The fact that more and more people agree on the fact that enterprise 2.0 is mainly about the way we do things takes us back to corporate culture issues.
It’s not something that’s easy to deal with. Since it’s been proved that culture is a key performance factor and that it’s important to recruit people who are aligned with the corporate culture, one logical attitude would be to say “strengthen and preserve it”.
It’s also proved that launching a project which may not be aligned with the culture is like organizing failure. Which is logical because it would be like asking an enterprise to act the way she is not, to ask people to act according to values which are not those those they were hired for.
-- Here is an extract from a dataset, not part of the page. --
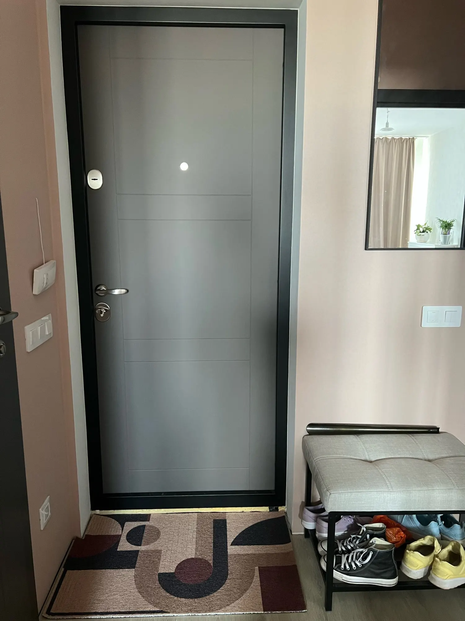 Его можно свободно разрезать на любую форму, и он подходит для внутреннего и наружного входа, прихожей, гостиной, спальни, ванной комнаты и т. д.

That leads us to the central question : what to do is your culture is not aligned with the goals you want to achieve
An obvious answer would be “change the goals”. Humanly securizin but not that efficient : goals highly depend on the market, are driven by competition and don’t only depends on the company itself. At this time comes the question of changing the corporae culture.
It’s not about forgetting the past, buiding a new identity (maybe sometimes…). It’s almost about identifying which components have to evolve, in which proportions, and how, in order the company would do what’s needed to meet its needs.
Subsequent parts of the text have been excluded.